Current Directions in Biomedical Engineering (Sep 2022)
Validation of a Fluid Structure Interaction Model for TAVR using Particle Image Velocimetry
Abstract
The implantation of a transcatheter aortic valve replacement (TAVR) in patients with severe aortic stenosis improves pathologic blood flow through the aortic valve, but still alters hemodynamics in comparison to a healthy native aortic valve. The hemodynamic characteristics of TAVR are associated with hypo-attenuating leaflet thickening and prosthetic leaflet thrombosis, which may reduce the durability of TAVR. For this reason we developed a numerical model to identify pro-thrombotic regions of TAVR based on the velocity field.

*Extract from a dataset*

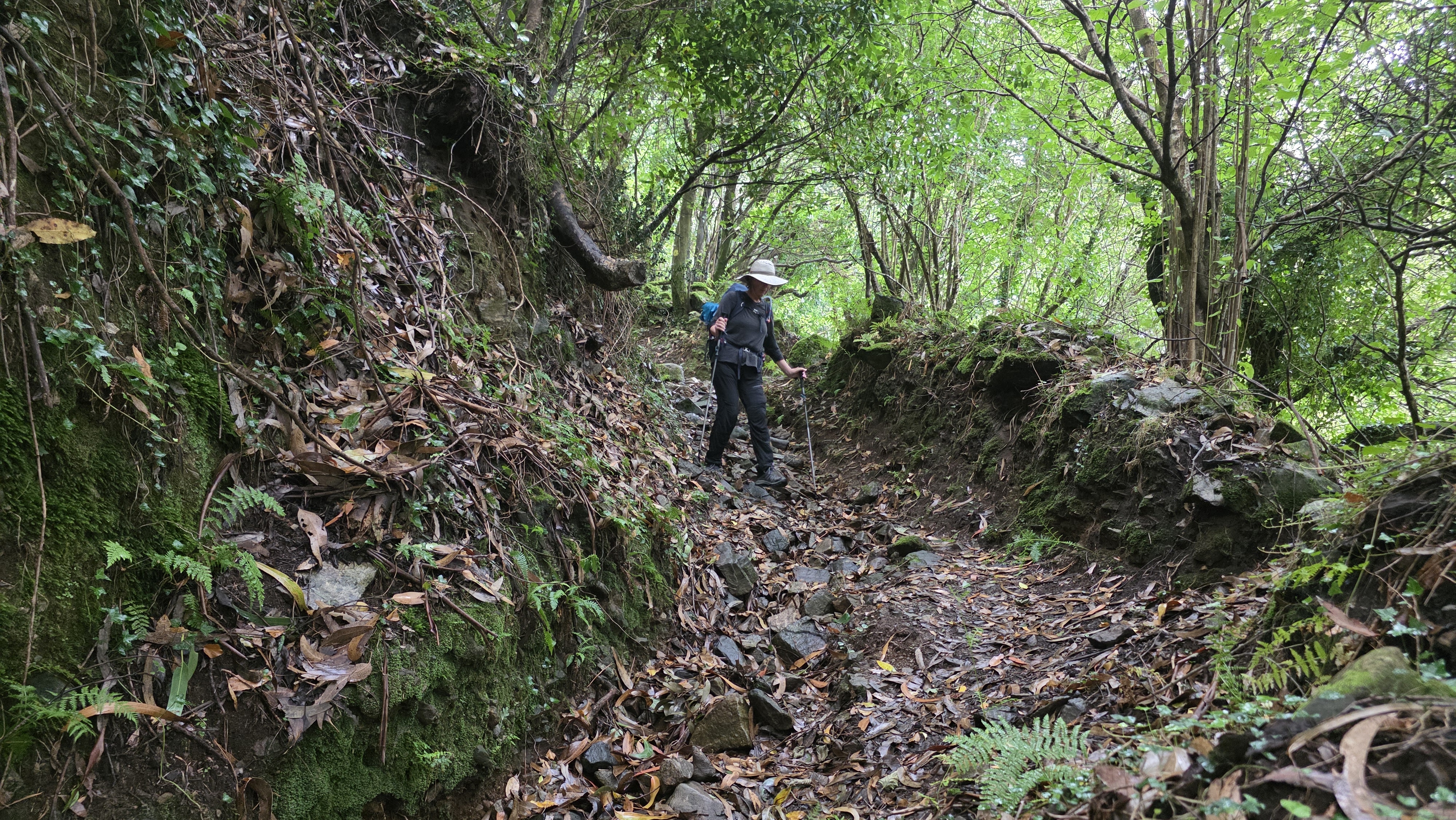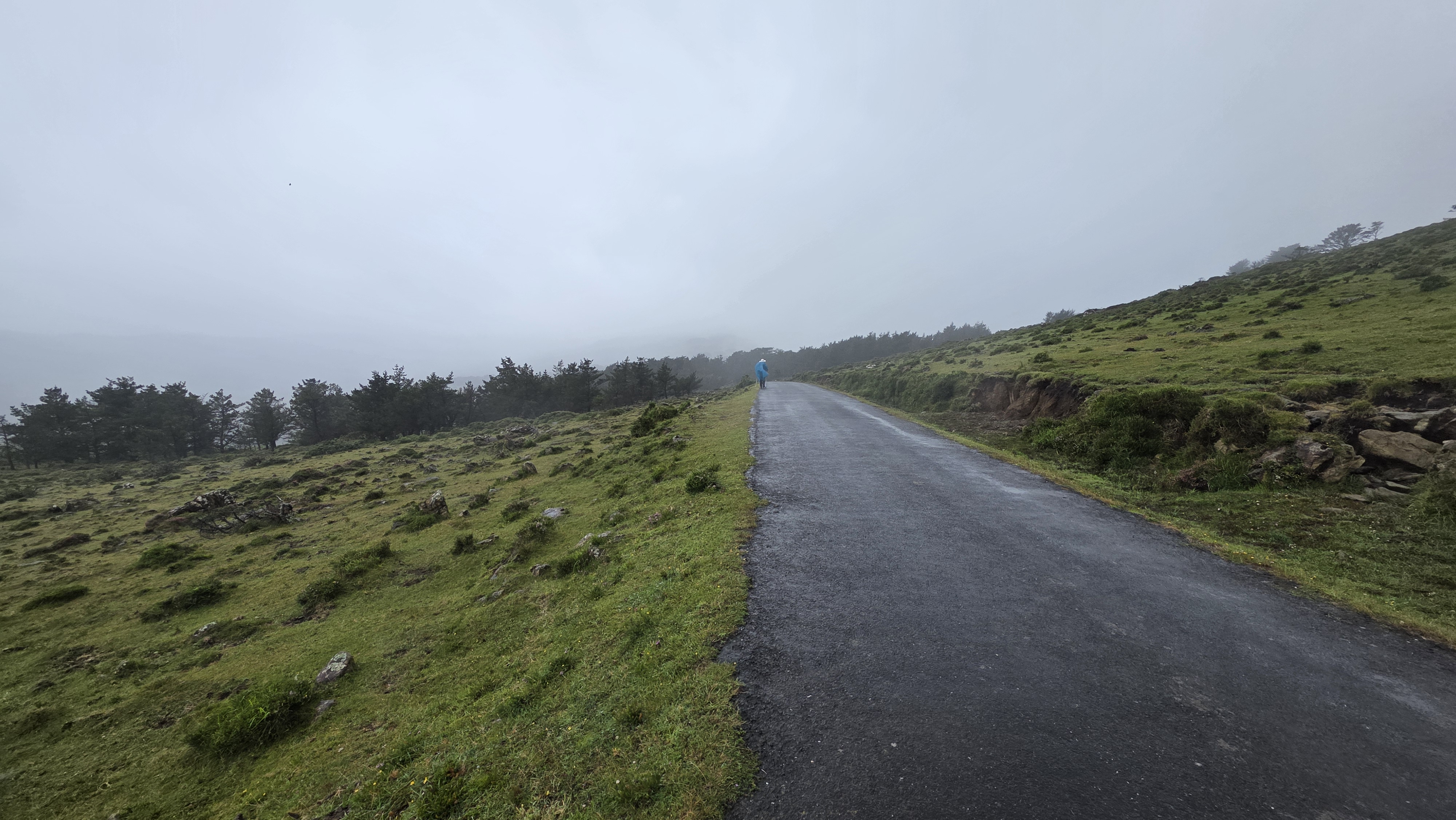 Au fur et à mesure que nous montions la bruine s’est fait de plus en plus insistante et nous avons fini par mettre nos ponchos.

In silico models have already been proven to be an effective tool for device optimization in other medical device applications. However, when using an in silico model, it is important to validate the model assumptions with experimental data or analytical solutions to confirm the accuracy of the model. In this study, we present an approach to validate a complex numerical Fluid Structure Interaction (FSI) model used to simulate leaflet kinematics and flow in the vicinity of a TAVR. Based on the recommendation of ISO 5840 (2021), a combined validation of the kinematic and fluid dynamic parameters was performed for this purpose. The leaflet kinematic was investigated via high-speed recordings and evaluated based on the Geometric Orifice Area (GOA). The velocity field of the TAVR was determined experimentally using Particle Image Velocimetry (PIV). The evaluation of the GOA showed a good agreement of the in silico model with the in vitro data for the systolic duration. The occurring velocities were qualitatively compared during peak systole for three planes and showed similar flow characteristics. The maximum velocity was 1.1 m/s in the in vitro and in silico model. Based on the results, it can be assumed that the numerical FSI model of the TAVR can be used for thrombosis risk assessment.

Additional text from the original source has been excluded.